Tout baignait dans un silence d'aquarium, de scène vue en rêve. Là où nous nous attendions à
quelque chose de terrible, d'apocalyptique, nous trouvions, apparemment, de simples agents de
police. C'était à la fois déconcertant et désarmant. Quelqu'un osa s'inquiéter des bagages : ils lui
dirent: « bagages, après » ; un autre ne voulait pas quitter sa femme : ils lui dirent « après, de
nouveau ensemble » ; beaucoup de mères refusaient de se séparer de leurs enfants : ils leur dirent «
bon, bon, rester avec enfants ». Sans jamais se départir de la tranquille assurance de qui ne fait
qu'accomplir son travail de tous les jours ; mais comme Renzo s'attardait un peu trop à dire adieu à
Francesca, sa fiancée, d'un seul coup en pleine figure ils l'envoyèrent rouler à terre : c'était leur
travail de tous les jours.

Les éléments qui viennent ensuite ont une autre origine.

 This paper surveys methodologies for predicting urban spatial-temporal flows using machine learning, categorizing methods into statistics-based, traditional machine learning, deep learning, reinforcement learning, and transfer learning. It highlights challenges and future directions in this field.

L’utilisation de l’imparfait montre que l’auteur tente de décrire impressions,
décors, l’expérience vécue le plus précisément possible. Le silence est présent, les personnes sont
confuses car n’ayant aucune idée de leur sort, comme le prouve les termes « déconcertant » et
« désarmant ». La douleur de la séparation familiale est très présente : « quitter », « séparer »,
« adieu ». Là, encore, le travail des officiers semble machinal, routinier (« travail de tous les jours »)

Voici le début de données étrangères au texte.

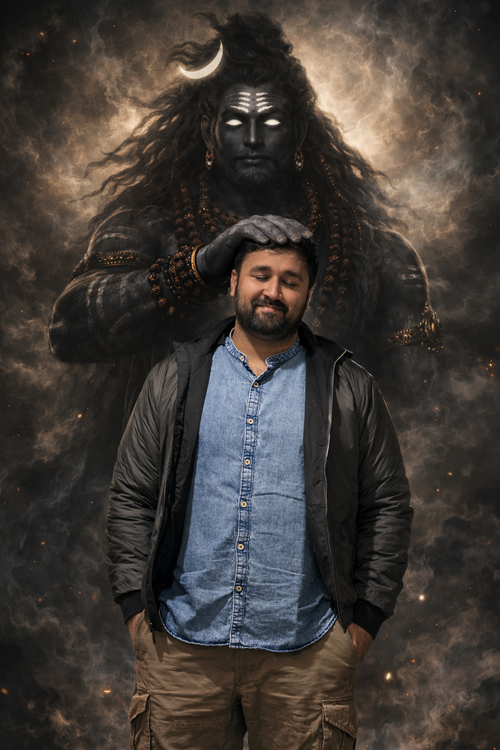 A Uploaded image Transform the uploaded photo into a hyper-realistic cinematic mythological image. same face, natural skin Keep the person exactly the same pose texture, expression, pose, clothing, and camera angle. No face alteration or beautification. Remove any objects from the hands and keep the pose natural. Behind the person, manifest a divine guardian inspired by Lord Shivji as a spiritual presence -> towering, dark black stone-like skin, glowing white eyes, crescent moon, flowing jata, rudraksha beads, ash markings, subtle gold ornaments. One gentle hand rests on the person’s head, symbolizing protection and blessing. Aura formed from smoke, shadow, and mystical energy, blending naturally into the background. Cinematic volumetric lighting, soft god rays, muted embers. Mood: calm, powerful, spiritual. Style: dark fantasy realism, photorealistic, cinematic color grading, shallow depth of field, ultra-detailed, 8K, film still quality.”

alors que les prisonniers ne comprennent pas le tri qui est en train de se faire.

En moins de dix minutes, je me trouvai faire partie du groupe des hommes valides. Ce qu'il advint des
autres, femmes, enfants, vieillards, il nous fut impossible alors de le savoir : la nuit les engloutit,
purement et simplement. Aujourd'hui pourtant, nous savons que ce tri rapide et sommaire avait
servi à juger si nous étions capables ou non de travailler utilement pour le Reich ; nous savons que les
camps de Buna-Monowitz et de Birkenau n'accueillirent respectivement que quatre-vingt-seize
hommes et vingt-neuf femmes de notre convoi et que deux jours plus tard il ne restait de tous les
autres - plus de cinq cents - aucun survivant. Nous savons aussi que même ce semblant de critère
dans la discrimination entre ceux qui étaient reconnus aptes et ceux qui ne l'étaient pas ne fut pas
toujours appliqué, et qu'un système plus expéditif fut adopté par la suite : on ouvrait les portières
des wagons des deux côtés en même temps, sans avertir les nouveaux venus ni leur dire ce qu'il
fallait faire. Ceux que le hasard faisait descendre du bon côté entraient dans le camp ; les autres
finissaient à la chambre à gaz. Le paragraphe débute par le constat du tri par l’auteur et ce qu’il
advint. Cependant, très rapidement, l’écriture autobiographique se modifie. En effet, l’adverbe
temporel « Aujourd’hui » et l’emploi du présent de l’indicatif crée un changement important.
L’auteur donne alors des éléments contemporains du moment de l’écriture, il puise dans sa
compréhension globale de son expérience personnelle et insiste sur la dimension historique du
génocide. La répétition de « nous savons » montre qu’il veut témoigner que le génocide soit reconnu.
Ainsi, P.Levi explique que, dans un premier temps, le tri servait à conserver uniquement les
prisonniers valides utiles pour le Reich et que les autres étaient directement tués. Les termes sont
neutres, comme pour se faire témoin d’une réalité historique : « camps », « survivant », « système »,
« convoi », « chambre à gaz ». L’auteur tente de dépeindre cette réalité sans affect, ni sentiment afin
que certains passages aient une valeur de témoignage d’un événement historique important.

P.Levi finit par dire que l’extermination est devenue ensuite systématique, comme pour accentuer
l’extermination systématique et en masse, suivant l’idéologie nazie.